Festival öncesi kapışılan stantlarda yöreye özgü lezzetler, hediyelik eşya ve nergis satışı yapıldı. Karaburun Belediye Başkanı İlkay Girgin Erdoğan “Kent ekonomisine kattığı hareketlilikle, üreticilerin bütçelerine katkısıyla ve ziyaretçilerine kattığı keyifli anlarıyla iz bırakan festivalimize önümüzdeki yıl da halkımızı bekliyoruz" dedi. İzmir’in uluslararası marka haline gelen organizasyonu mis kokulu festival olarak bilinen 6.Karaburun Nergis Festivali, müzik dinletileri,  yöresel mutfak lezzetlerine, yarışmalarından halk oyunlarına, eğlenceli kortejlerden Ege’nin verimli topraklarının birbirinden güzel ürünlerine iz bırakarak sona erdi. Toplumsal olaylara yönelik tavrı ve aktivist yaklaşımıyla sanatçı duyarlılığının örnek ismi Rock Şarkıcısı Haluk Levent’in yağmur ve soğuğa rağmen Karaburun Meydanı’nı dolduran binlerce hayranına şarkılarını söylediği konser, festival tarihinin mis kokan sayfalarında güçlü bir iz bıraktı.

Konserin en sürprizli anı ise, İzmir Karaburun’un tarihteki ilk kadın Belediye Başkanı İlkay Girgin Erdoğan’ın anı hediyelerini Haluk Levent’e vermek üzere sahneye birlikte geldiği Kösedereli 80 yaşındaki Şerife Zorlu’nun ünlü sanatçıya hediyesi el işçiliği tel kırma ay-yıldızıyla Türk Bayrağı oldu.

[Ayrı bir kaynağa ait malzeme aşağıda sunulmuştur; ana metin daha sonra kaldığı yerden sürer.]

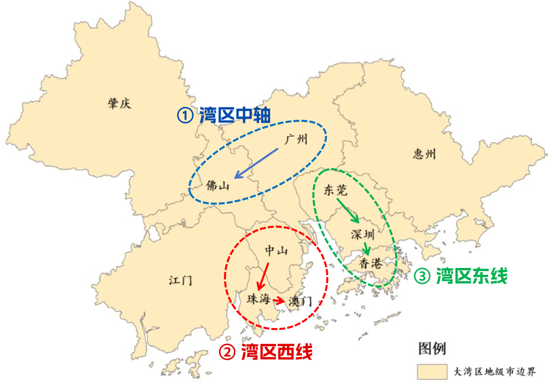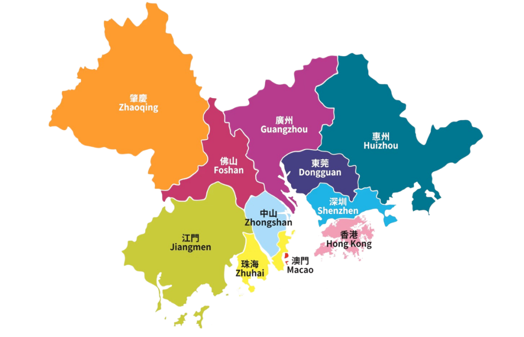 (粤港澳大湾区,Guangdong-Hong Kong-Macao Greater Bay Area,简称大湾区\GBA,由香港、澳门两个特别行政区和广东省广州、深圳、珠海、佛山、惠州、东莞、中山、江门、肇庆九个珠三角城市组成)
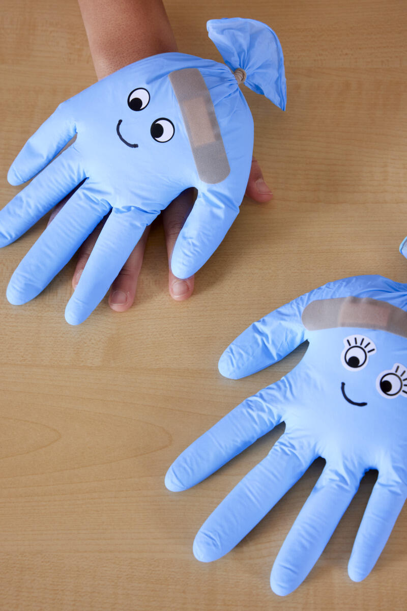 - Ta en hanske på hånden, og tre deretter en ny hanske utenpå den første.

Levent duygu dolu anlar yaşarken, “Muazzam, çok anlamlı. Teşekkür ediyorum. Kösedere Köyü’ne saygılarımı iletiyorum” dedi. Kendisine “Karaburun’umuza hoş geldiniz, şeref verdiniz” diyerek nergis çiçeği veren Karaburun Belediye Başkanı Erdoğan’a özel teşekkür etti. Haluk Levent bu özel teşekkürün gerekçesini şöyle açıkladı:

ÖZEL TEŞEKKÜR

 “Belediye başkanlarına yalakalık yapmam biliyorsunuz. Hatta bazı başkanlar çıkmaya korkar, Haluk Levent bize sövecek diye. Karaburun Belediye Başkanımız ile ilk kez karşılaşıyoruz. Seçim döneminde belediyelere konserler veriyoruz. Seçim çalışması için oy isteyen başkanlarımız oluyor. Yarım saat, kırk dakika mikrofon durmuyor. Dikkat ettim içeriden kulisten, seçimlerle alakalı, partilerle alakalı siyasi olaya girmeden çalışmalarını anlattı. Gerçekten teşekkür ediyorum sağ olun.”

BELEDİYE BAŞKANI ERDOĞAN NE DEDİ?

Karaburun tarihindeki İlk Kadın Belediye Başkanı olarak, Yarımada’nın koca yürekli insanlarının ‘merhaba’sını festival katılımcılarıyla paylaşmaktan onur duyduğunu belirten Karaburun Belediye Başkanı İlkay Girgin Erdoğan, ‘yerli ve milli’ vurgusu içeren konuşmasıyla, festivalde önemli mesajlar verdi. Başkan Erdoğan, şunları söyledi:  “İçinde bulunduğumuz güzel coğrafya, Cumhurbaşkanlığı Kararnamesiyle, Özel Çevre Koruma Alanı ilan edildi. Ülkemizin en fazla endemik bitki örtüsüne ve özgün nitelikli hayvan varlığına sahip coğrafyalarının başında geliyor. Bugün de burada, Nergis Festivalimizdeki işte o nergis çiçeği, bu zenginliğin mücevheri. Öylesine bir özel mücevher ki bu, yaşadığımız coğrafyanın nergis soğanını, yabancı bir yerde diktiğinizde, aynı kokuyu ve aromayı taşıması mümkün olmuyor. Bildiğiniz gibi başka coğrafyalarda da, nergis var.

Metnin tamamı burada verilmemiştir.